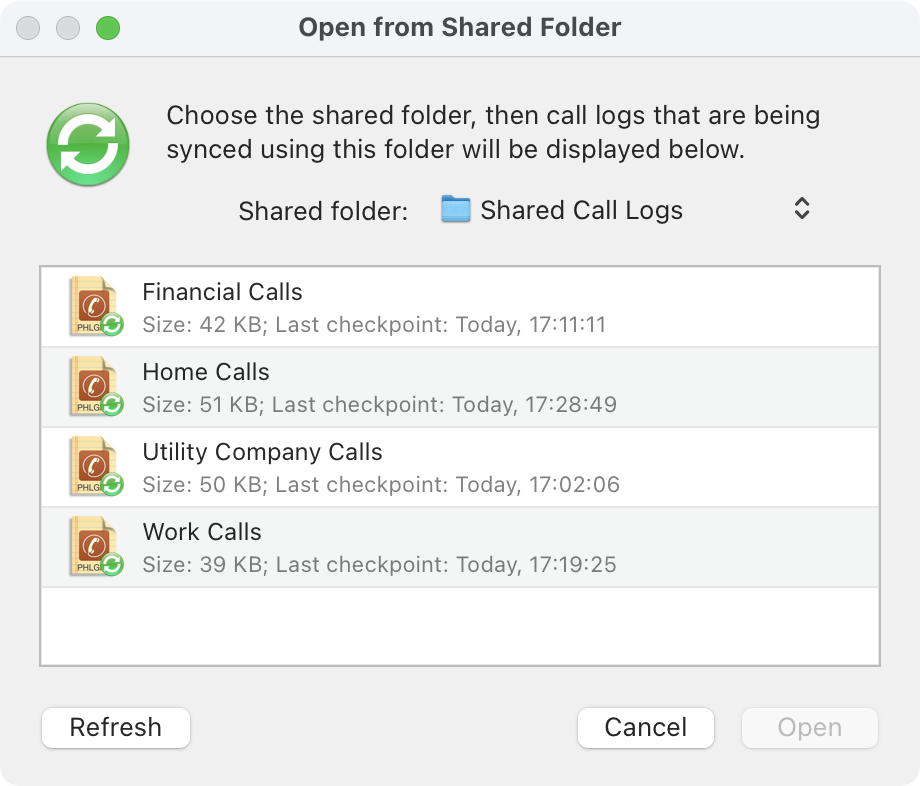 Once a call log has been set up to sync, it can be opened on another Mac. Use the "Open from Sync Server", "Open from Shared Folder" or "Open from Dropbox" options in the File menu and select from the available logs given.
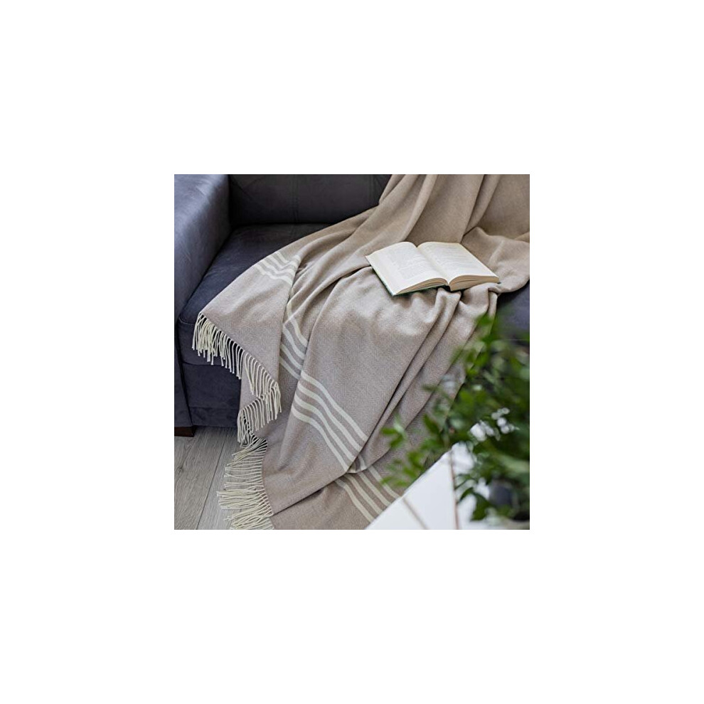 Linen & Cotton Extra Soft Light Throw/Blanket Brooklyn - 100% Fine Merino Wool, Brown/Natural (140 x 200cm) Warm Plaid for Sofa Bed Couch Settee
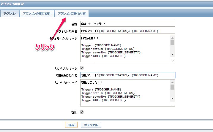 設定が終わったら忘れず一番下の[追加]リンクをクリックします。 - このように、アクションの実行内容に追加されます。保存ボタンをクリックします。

--- PROBLEM ---
Word for word, reproduce each line from the one with "Linen & Cotton" through the last line of the material above, both included, and drop the pictures.

--- RESULT OF THIS TASK ---
 Linen & Cotton Extra Soft Light Throw/Blanket Brooklyn - 100% Fine Merino Wool, Brown/Natural (140 x 200cm) Warm Plaid for Sofa Bed Couch Settee
 設定が終わったら忘れず一番下の[追加]リンクをクリックします。 - このように、アクションの実行内容に追加されます。保存ボタンをクリックします。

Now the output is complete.